If, however, evidence of Shane’s reason for fleeing established self-defense, the court erred in excluding it.  Shane relies on State v. Kutchara, 350 N.W.2d 924, 927 (Minn. 1984), in which the supreme court said:

If a defendant is free to use reasonable force to resist an offense against his person by a police officer, he also is free to flee the officer.  Possibly the court should have so instructed the jury * * * .

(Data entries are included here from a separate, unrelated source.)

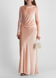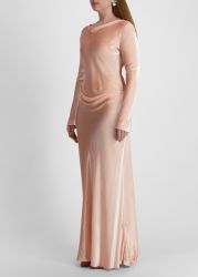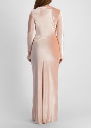 This maxi dress from Alberta Ferretti exudes timeless elegance, crafted from lustrous satin with a draped boat neck, long sleeves, and a bias-cut skirt that falls into soft gathers for graceful movement and a sculptural silhouette.
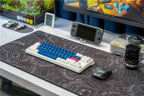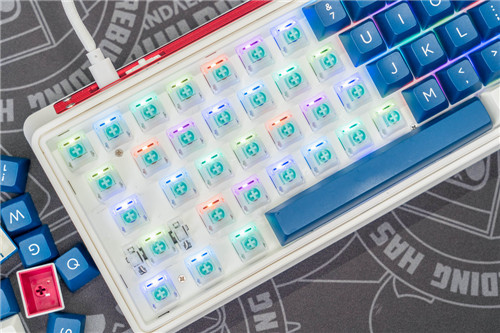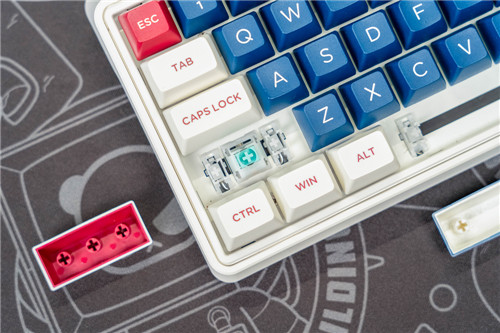 CMK68-SAM使用的冰薄荷轴-MX轴体,操作力40gf,触发行程1.8mm,总行程4.0mm。同样有着传统线性轴体的键程长、压力克数小的特点,较段落轴体来说,线性的弹簧偏肉,打字舒适度有一定的提高同时兼顾了敲击声对旁边的影响,但是损失了部分“确认感”,用“直上直下”形容最好不过了。当然提前段落的轴体由于前段压力较大,所以在触地行程重缺少后续的反馈,在游戏中就增加了肌肉反应时间,表现一般了。所以,两者各有千秋,但有一点是可以肯定的,就是从线性往段落轴体过渡很简单,如果平时就喜欢段落感的轴体那么开始使用线性的时候会明显感觉“没劲”。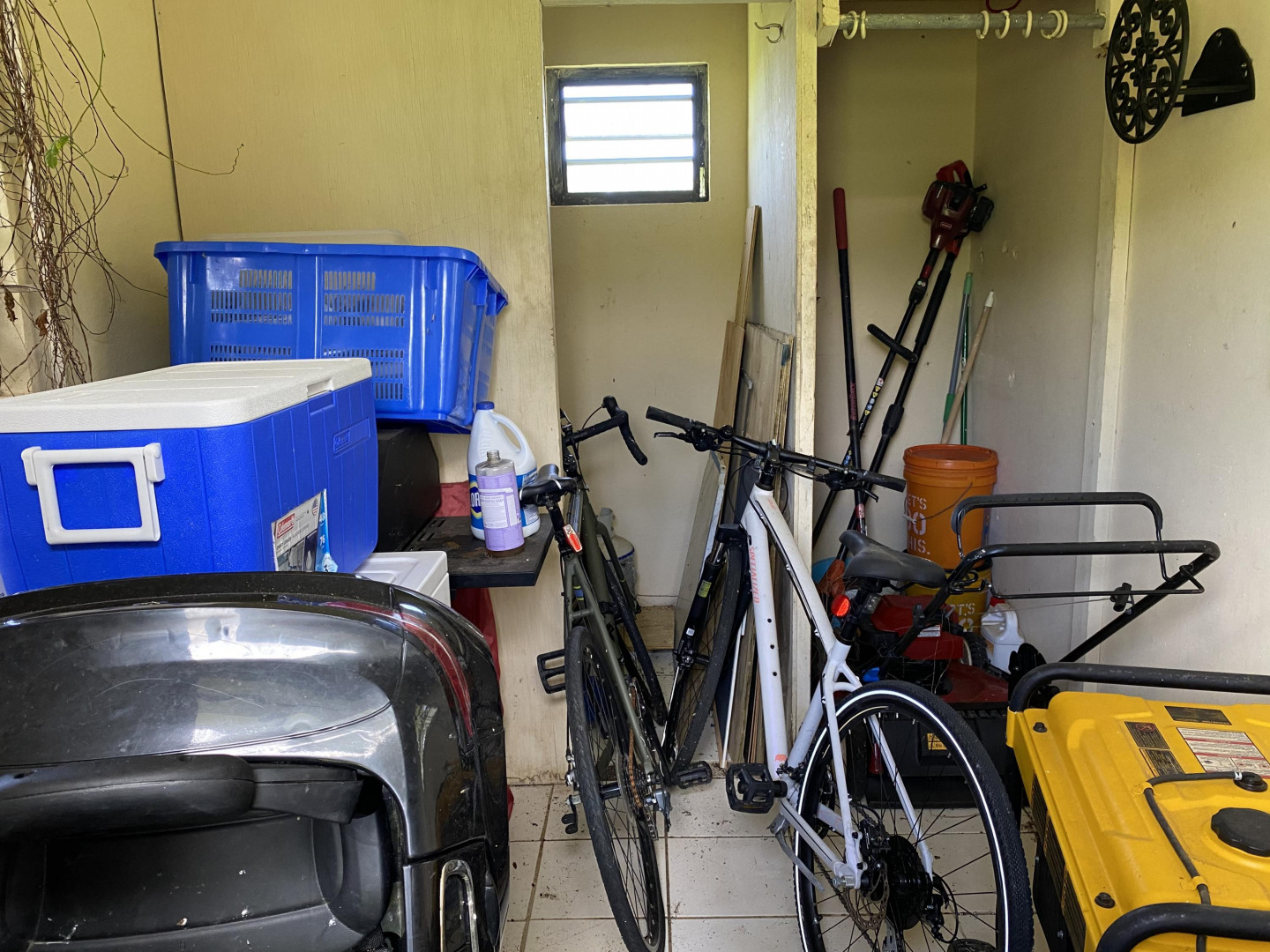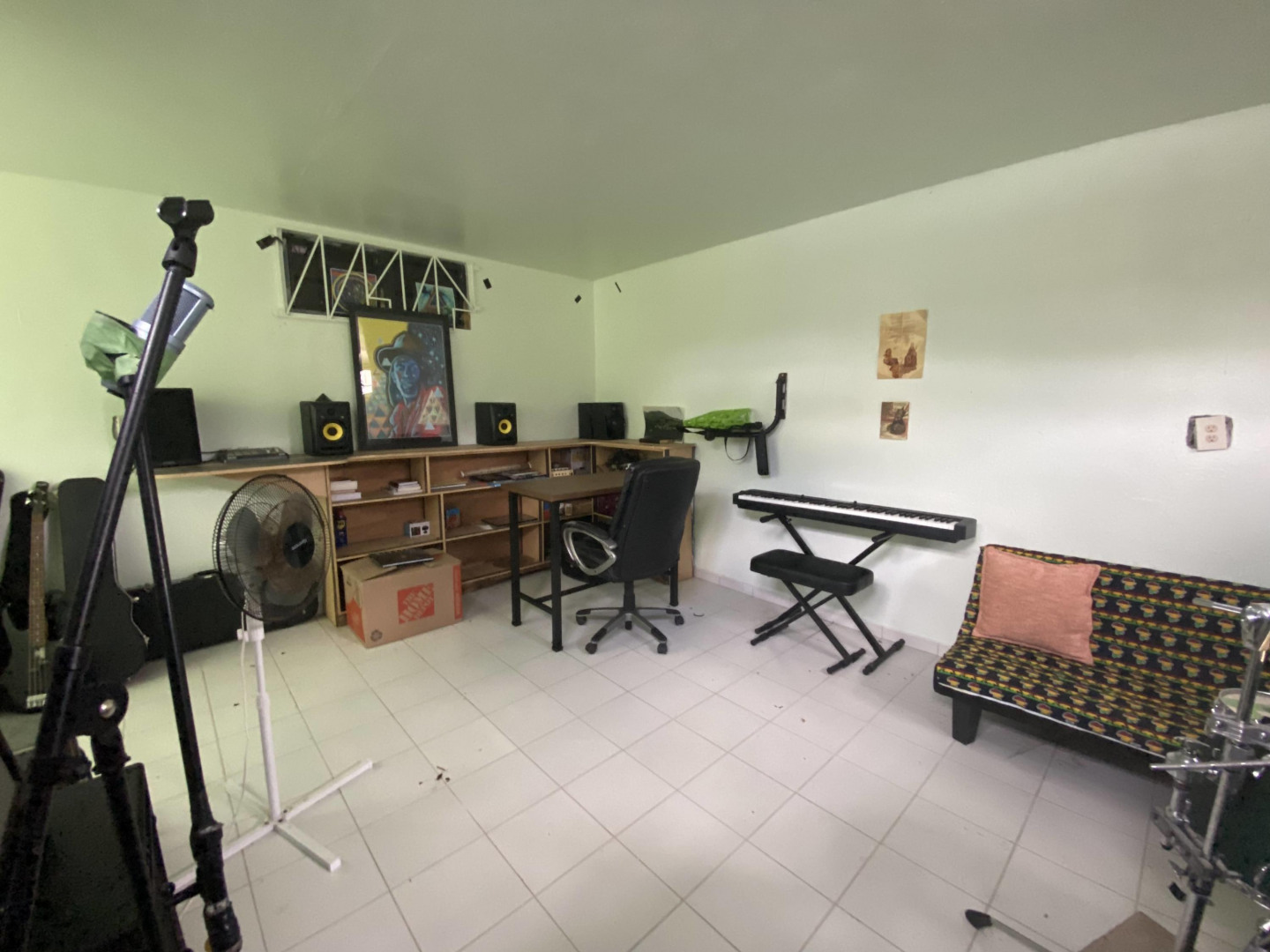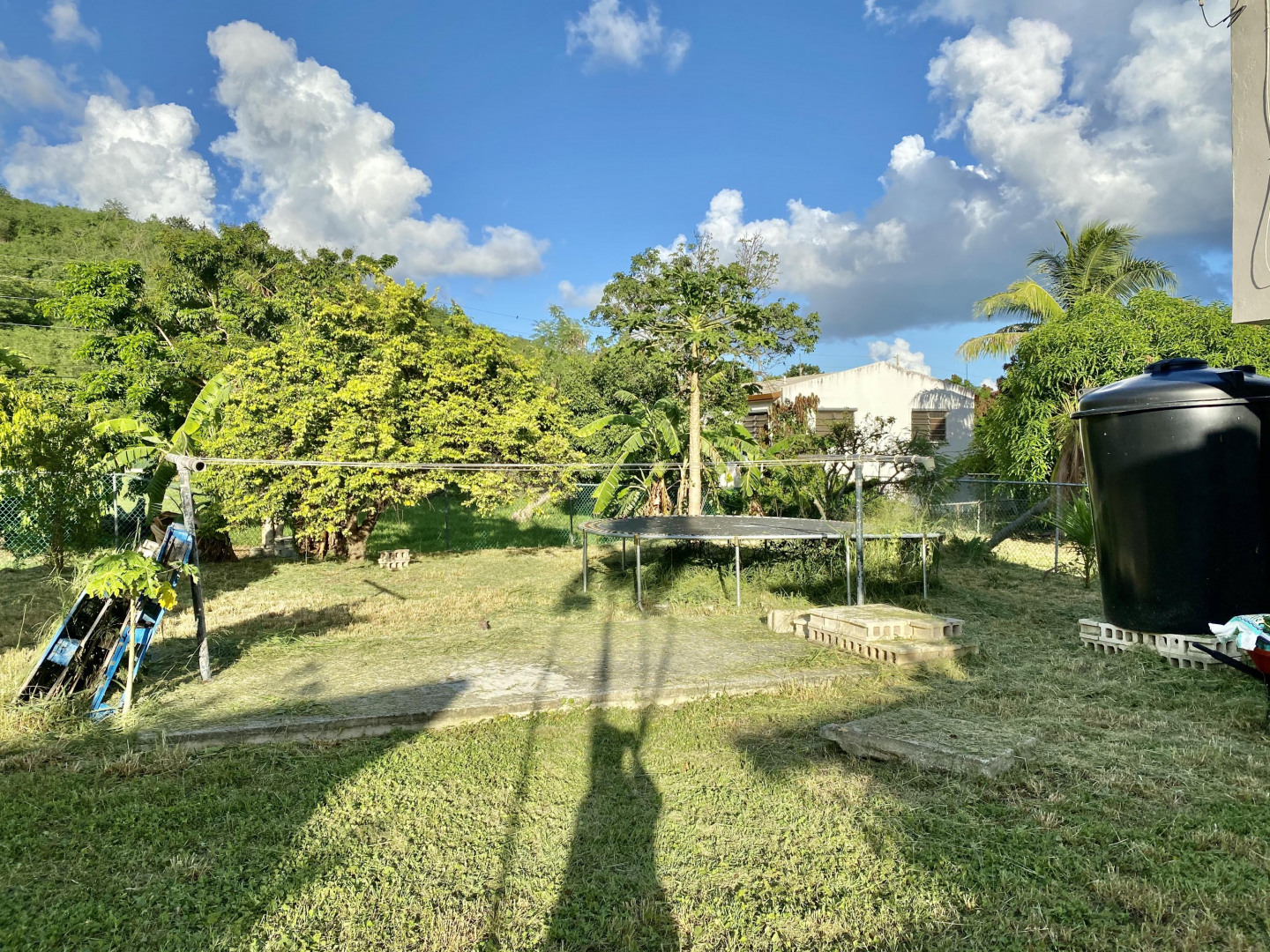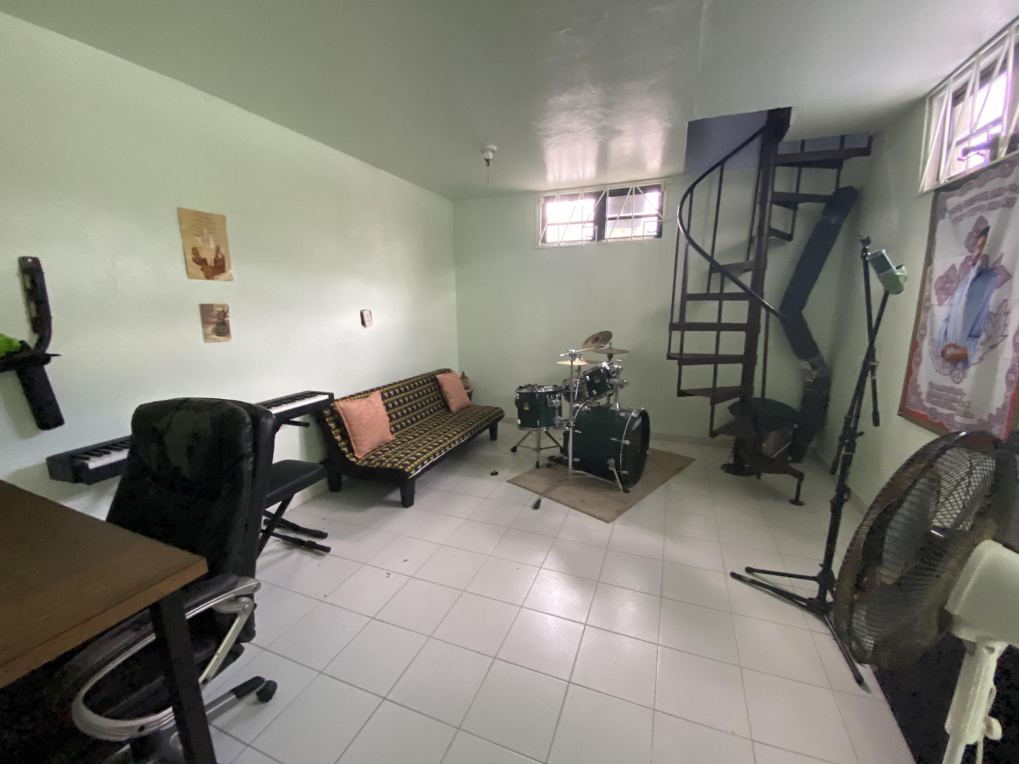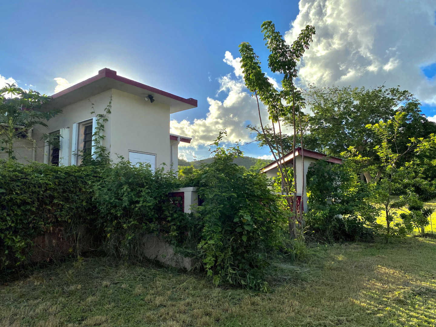 Solidly built three bedroom two bath home with small ''out building'' that houses a laundry/storage area on lower level, and bedroom and bath on upper level with peek a boo sea view. The primary bedroom has an ensuite bath, large closet with extra storage above, plus an added ''nook''. Two other bedrooms share a bath. There's a spiral staircase down to a large room currently used as a recording studio, but perfect for a family room/workshop. There's a spacious gallery surrounded by a yard full of plants, shrubs and fruit trees. An added bonus is a refurbished well to provide water for the landscaping. Nice neighborhood and close to Centerline Rd. to zip to Frederiksted or Sunny Isle!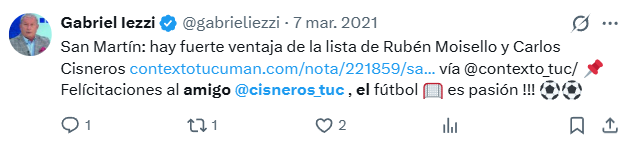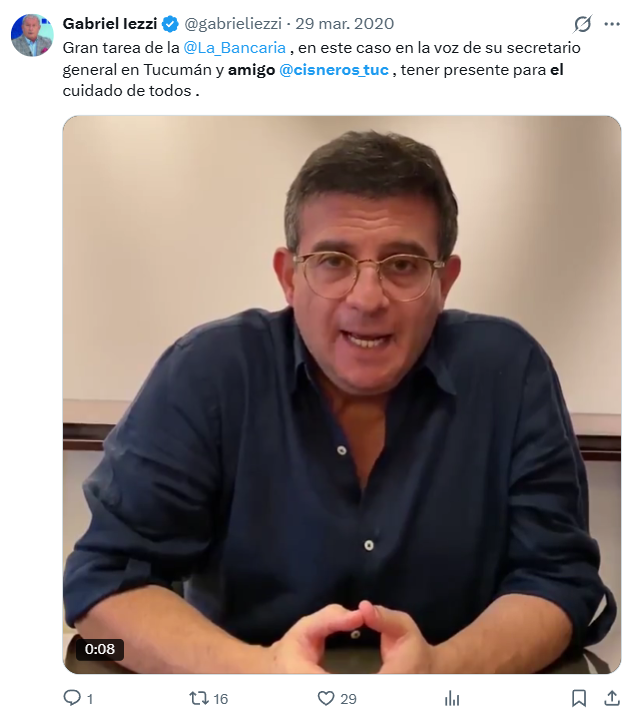 Su vínculo con Carlos Cisneros –histórico dirigente de La Bancaria y exreferente de la Caja Popular durante tres décadas– es público y de larga data. En publicaciones de su cuenta de X (@gabrieliezzi), Iezzi se refiere a Cisneros como “el amigo @cisneros_tuc” y ha respaldado sus listas políticas y deportivas en San Martín de Tucumán.

            A person may lawfully use reasonable force to defend himself against an offense being committed upon him.  Minn. Stat. § 609.06(3) (2000).  Self-defense is available to those who act honestly and in good faith.  State v. Baker, 280 Minn. 518, 522, 160 N.W.2d 240, 242 (1968) (quotation omitted).  However, it must be shown that (1) there was no aggression or provocation by the defendant; (2) the defendant actually and honestly believed he was in imminent danger of death or great bodily harm; (3) there were reasonable grounds for that belief; and (4) there was no reasonable possibility of retreat to avoid the danger.  State v. Nystrom, 596 N.W.2d 256, 260 (Minn. 1999) (citation omitted).

The record shows only that Shane feared that Officer Gaul might assault him.  Nothing in Shane’s offer of proof would reasonably support his belief that he was “in imminent danger of death or great bodily harm.”  Gaul did nothing to indicate that any particular conduct by him was imminent.  Furthermore, even if we take Shane’s allegations about Gaul’s past behavior as true, Gaul never inflicted “great bodily harm” on Shane or attempted to cause his death.  See Minn. Stat. § 609.02, subd. 8 (2000) (“‘Great bodily harm’ means bodily injury which creates a high probability of death, or which causes serious permanent disfigurement, or which causes a permanent or protracted loss or impairment of the function of any bodily member or organ or other serious bodily harm.”).

The stipulated facts show uncontrovertibly that various officers from different police departments knew that Shane was driving illegally, that they signaled for him to pull over, and that they gave chase after he failed to obey the signal.  Shane himself provoked the events by driving illegally and no facts suggest that the officers were doing anything more than making an effort to apprehend an illegal driver.  We agree with the district court that under these circumstances Shane was not entitled to assert self-defense to a charge of fleeing a peace officer in a motor vehicle.

Finally, even if self-defense might in unusual circumstances be an appropriate defense to a fleeing charge, as Kutchara intimates, Shane has cited no authority for the proposition that a person can resort to an illegal means to defend himself.  Here, it was illegal for Shane to drive a motor vehicle.  By his own admission, it was this illegal means that he chose in exercising what he allegedly thought was self-defense. We do not believe that the defense of-self-defense extends this far.





* Retired judge of the Minnesota Court of Appeals, serving by appointment pursuant to Minn. Const. art. VI, § 10.